Excerpted data:
· · · · · · ·

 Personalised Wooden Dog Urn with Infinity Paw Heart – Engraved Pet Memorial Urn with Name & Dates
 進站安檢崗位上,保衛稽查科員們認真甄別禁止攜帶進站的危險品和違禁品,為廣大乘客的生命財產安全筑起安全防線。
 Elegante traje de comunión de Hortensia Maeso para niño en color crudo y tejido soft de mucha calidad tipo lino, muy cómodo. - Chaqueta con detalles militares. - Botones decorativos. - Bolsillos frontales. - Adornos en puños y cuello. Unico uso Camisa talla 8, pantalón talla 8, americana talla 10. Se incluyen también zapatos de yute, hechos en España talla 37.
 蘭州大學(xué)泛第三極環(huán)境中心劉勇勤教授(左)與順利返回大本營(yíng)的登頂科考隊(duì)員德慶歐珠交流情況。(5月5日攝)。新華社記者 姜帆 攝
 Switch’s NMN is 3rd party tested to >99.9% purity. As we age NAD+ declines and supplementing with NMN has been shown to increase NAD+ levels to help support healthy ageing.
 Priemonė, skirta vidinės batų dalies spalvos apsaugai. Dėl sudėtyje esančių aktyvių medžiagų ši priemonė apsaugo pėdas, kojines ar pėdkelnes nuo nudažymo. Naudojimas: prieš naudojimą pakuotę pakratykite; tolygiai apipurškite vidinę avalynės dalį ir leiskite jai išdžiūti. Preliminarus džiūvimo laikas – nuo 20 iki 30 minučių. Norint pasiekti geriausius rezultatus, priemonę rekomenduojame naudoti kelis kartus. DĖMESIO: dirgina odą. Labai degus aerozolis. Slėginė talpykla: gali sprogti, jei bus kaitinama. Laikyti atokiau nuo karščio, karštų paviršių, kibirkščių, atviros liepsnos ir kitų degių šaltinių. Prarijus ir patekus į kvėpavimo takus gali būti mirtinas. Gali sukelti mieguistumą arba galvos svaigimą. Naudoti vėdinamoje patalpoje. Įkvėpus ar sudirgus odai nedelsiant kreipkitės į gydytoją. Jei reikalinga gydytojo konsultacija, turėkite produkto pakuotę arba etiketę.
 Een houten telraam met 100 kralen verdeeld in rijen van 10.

· · · · · · ·

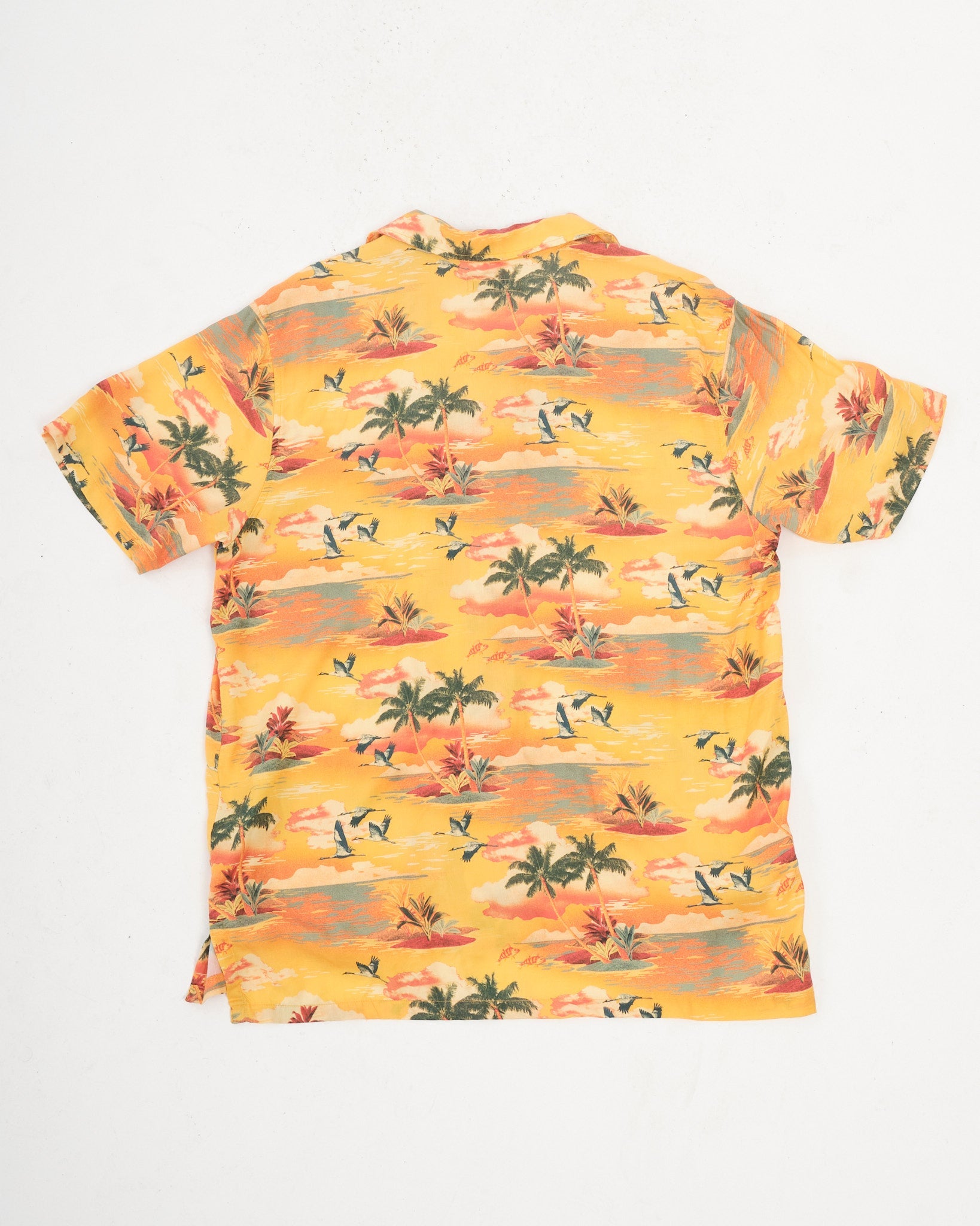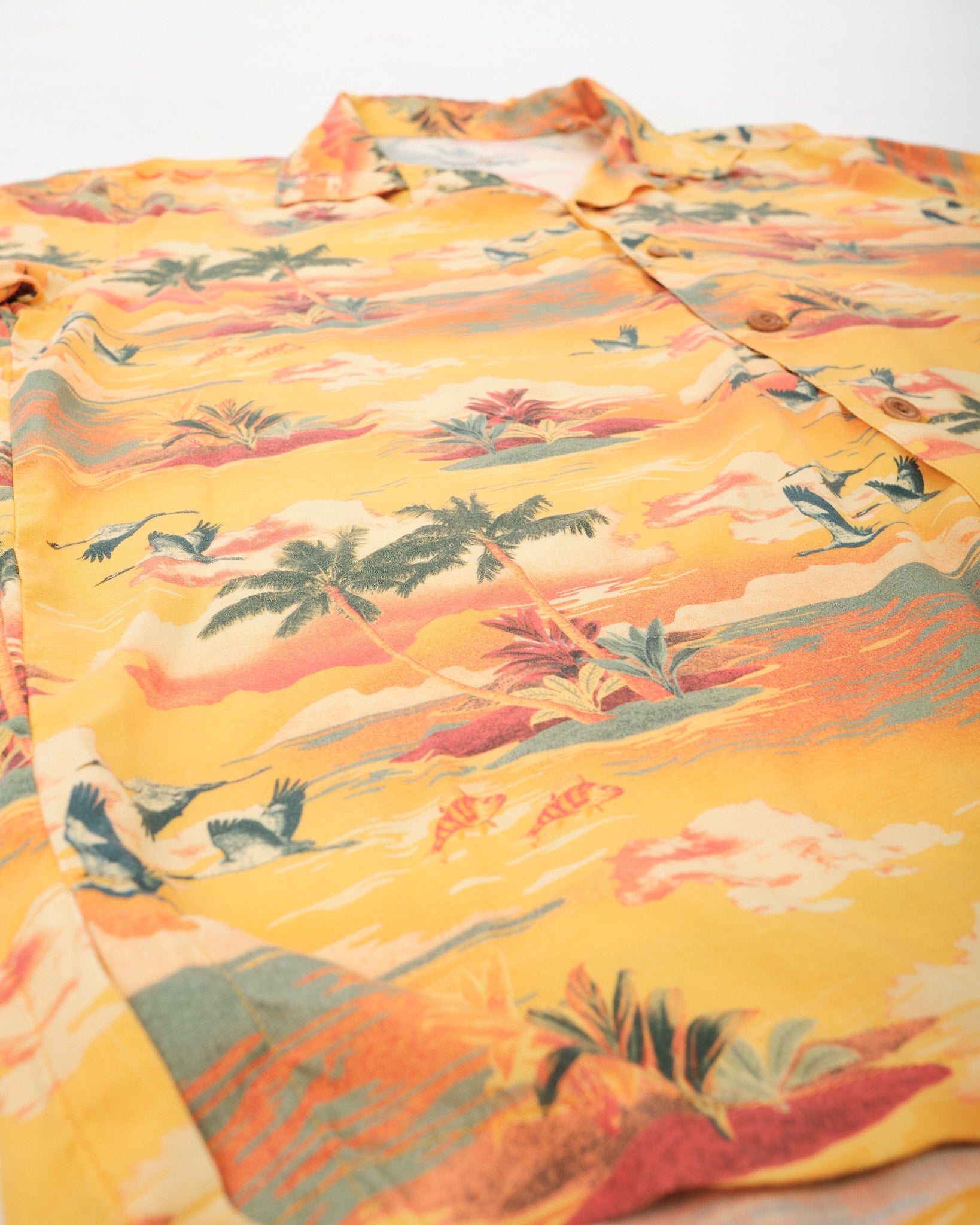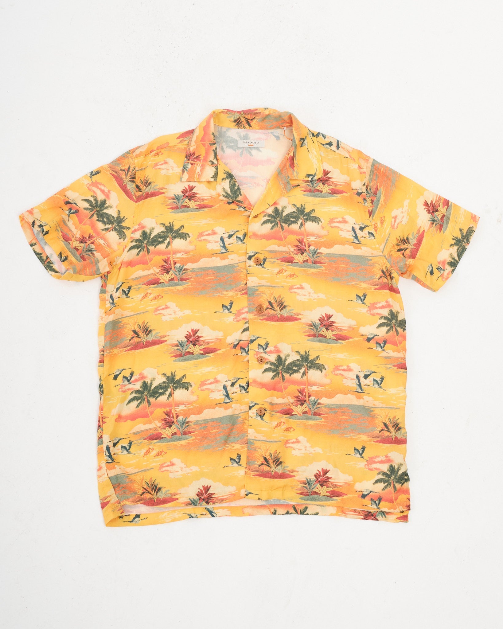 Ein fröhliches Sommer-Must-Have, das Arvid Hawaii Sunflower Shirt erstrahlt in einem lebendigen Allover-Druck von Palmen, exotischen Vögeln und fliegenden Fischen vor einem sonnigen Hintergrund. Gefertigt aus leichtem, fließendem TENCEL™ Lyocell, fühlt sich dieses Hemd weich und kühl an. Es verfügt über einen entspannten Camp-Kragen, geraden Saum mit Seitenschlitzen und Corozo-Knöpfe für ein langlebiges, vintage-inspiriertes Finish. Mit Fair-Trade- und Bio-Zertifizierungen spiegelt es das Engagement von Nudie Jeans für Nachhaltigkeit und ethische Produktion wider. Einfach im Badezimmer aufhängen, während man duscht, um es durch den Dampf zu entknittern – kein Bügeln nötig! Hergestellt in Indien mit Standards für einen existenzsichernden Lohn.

· · · · · · ·

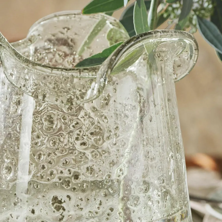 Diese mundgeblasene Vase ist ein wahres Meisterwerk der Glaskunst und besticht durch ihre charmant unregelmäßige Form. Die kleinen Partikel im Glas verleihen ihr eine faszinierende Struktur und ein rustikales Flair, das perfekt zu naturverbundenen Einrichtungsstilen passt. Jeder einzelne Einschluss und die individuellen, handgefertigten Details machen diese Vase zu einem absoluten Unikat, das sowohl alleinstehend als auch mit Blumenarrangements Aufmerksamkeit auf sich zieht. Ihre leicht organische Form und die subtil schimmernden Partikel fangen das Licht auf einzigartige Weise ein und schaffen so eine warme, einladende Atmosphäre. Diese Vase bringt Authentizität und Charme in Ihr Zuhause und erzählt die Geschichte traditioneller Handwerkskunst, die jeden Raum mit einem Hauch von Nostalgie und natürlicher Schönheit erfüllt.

· · · · · · ·

Brief:
Copy each line of the listing that contains the string "with".

Answer box:
 Personalised Wooden Dog Urn with Infinity Paw Heart – Engraved Pet Memorial Urn with Name & Dates
 Switch’s NMN is 3rd party tested to >99.9% purity. As we age NAD+ declines and supplementing with NMN has been shown to increase NAD+ levels to help support healthy ageing.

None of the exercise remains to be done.